Accepted May 3, 2017; Epub ahead of print Jun 28, 2017

J Rehabil Med 2017; 49: 579–584

Correspondence address: Peter Felleiter, Swiss Paraplegic Centre Nottwil, Guido A. Zaech Str. 1, CH-6207 Nottwil, Switzerland. E-mail: peter.felleiter@paraplegie.ch

Severe trauma induces massive metabolic changes that are part of the adaptive survival response to critical illness. These acute changes are characterized by hypermetabolism, with increased energy expenditure and protein catabolism (1). Early enteral feeding and, if necessary, parenteral feeding, are therefore a major focal point of modern intensive care medicine (2). Whereas other survivors of severe trauma typically regain muscle mass during rehabilitation, patients with acute spinal cord injury (SCI) continue to lose muscle mass over time, which leads to changes in body composition and a significant decrease in basal metabolic rate (3).

Several cross-sectional studies have shown that most patients with SCI typically gain weight after surviving the acute phase, even though their muscle mass decreases due to inactivity (4, 5). Patients with SCI are also prone to accumulate fat mass due to specific hormonal and metabolic changes (6). Another explanation for the weight gain in non-ambulatory individuals with SCI is that their food intake may remain unchanged from before the injury, whereas their energy expenditure decreases (7–9). This results in a significantly higher body fat percentage in individuals with SCI compared with those without SCI (3, 10, 11).

An unchanged diet for patients with SCI, which does not take into account their reduced energy expenditure, leads to weight gain and obesity. This exposes many patients with chronic SCI to the unfavourable health-related consequences that follow a traumatic SCI event. Obesity increases the risk of cardiovascular disease, as well as many other metabolic, sleep, and orthopaedic disorders, e. g. osteoarthritis (12, 13). A previous cross-sectional study suggests that changes in body composition occur over time in individuals after SCI (3). However, the timeline of changes in energy expenditure and body composition between the acute and chronic phase of SCI has not been analysed (14). This information would help provide adequate caloric intake and improve nutritional counselling for patients with SCI. The aim of this study was therefore to investigate the timeline of changes in energy expenditure and body composition in patients with SCI following injury. Our primary hypothesis was that significant changes in energy expenditure and body composition arise in patients with SCI during the period of acute treatment, rehabilitation and the 2 years following the end of rehabilitation. Our secondary aim was to analyse whether these changes differ between individuals with paraplegia and tetraplegia.

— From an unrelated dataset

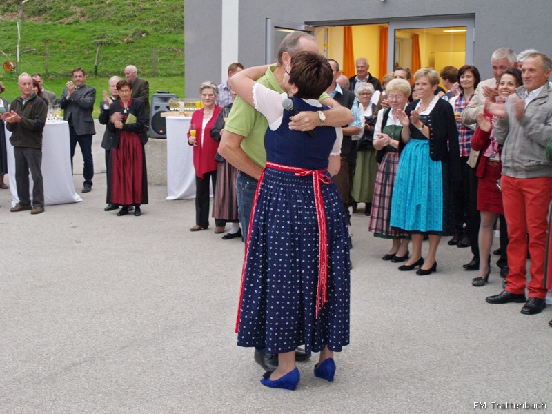 Heute feierten wir mit unsere Obfrau ganz groß! Helga hatte zum Fest geladen und wir folgten ihrer Einladung sehr gerne und sehr zahlreich. Den Auftakt gaben wir, ihre Kapelle, mit der Firgur "Rose" - geformt aus uns Musikern mit klingendem Spiel. Wir wurden hervorragend bewirtet mit einem Menü aus Kartoffelsuppe mit Lachseinlage und Rinderrouladen - besonders gefüllt und liebevoll garniert. Im Anschluss war ein traumhaftes Kuchenbuffet aufgebaut. Im Verlauf des Abends stellten sich immer wieder Grantulanten ein - allen voran ihre Kinder mit besonderen Geschenken, weiters u.a. die FF Trattenbach, die Kreativgruppe, der Hochzeitschor, dem Kirchenchor und noch viele, viele weitere mehr. Und wie es sich für besondere Ereignisse gehört feierten wir mit Helga ausgiebig bis in die frühen Morgenstunden. Es war ein rundum gelungenes, feines und stimmungsvolles Fest!

The investigation was performed at a 140-bed SCI rehabilitation centre in Switzerland. The study was approved by a research ethics committee (Northwestern and Central Switzerland) and is registered at ClinicalTrials.gov (no. NCT01980784).

Inclusion criteria. All patients admitted for acute treatment and rehabilitation after traumatic SCI were screened within the first 2 weeks following the traumatic event. The following inclusion criteria were used: age 18–70 years, body mass index (BMI) 18–30 kg/m², neurological level of injury C4 to T12, American Spinal Injury Association Impairment Scale (AIS) A, B or C, and written informed consent (15).

Exclusion criteria. The following exclusion criteria were used: complications during acute treatment that may interfere with study participation or skew study results, pre-existing type 1 or type 2 diabetes mellitus, pre-existing hypercholesterolaemia, untreated hypothyroidism or hyperthyroidism, invasive mechanical ventilation, and presence of a cardiac pacemaker.

Personal demographics and results from the neurological level of injury assessment were collected. The severity of SCI was classified using the AIS. Routine blood tests were used to verify continual absence of all exclusion criteria throughout the study.

Measurements of resting energy expenditure (REE) and body composition were scheduled at 2, 6, 10 and 14 weeks after SCI, at the end of rehabilitation (at the latest after 26 weeks) and at 2.5 years (130 weeks) after SCI. Body composition was evaluated by bioelectric impedance analysis (BIA), using the Bodystat 1500 (Bodystat Ltd, Douglas, Isle of Man, UK). REE was measured at the bedside, using the indirect calorimeter MedGem (Microlife Inc., Golden, CO, USA), and calculated from measured oxygen uptake. The tests were performed according to the manufacturer’s recommendations.

All tests were performed at 08.00 h after a fasting period of at least 8 h. Patients received no food for 8 h prior to the measurements, only water or unsweetened tea, and no caffeine or alcohol for 12 h prior to data collection. Strenuous physical activity and smoking were not allowed for 12 h prior to the measurements. The patients’ bladders were emptied prior to collecting the measurements. Patients rested for 15 min in a supine position before the BIA measurement, and indirect calorimetry was subsequently carried out.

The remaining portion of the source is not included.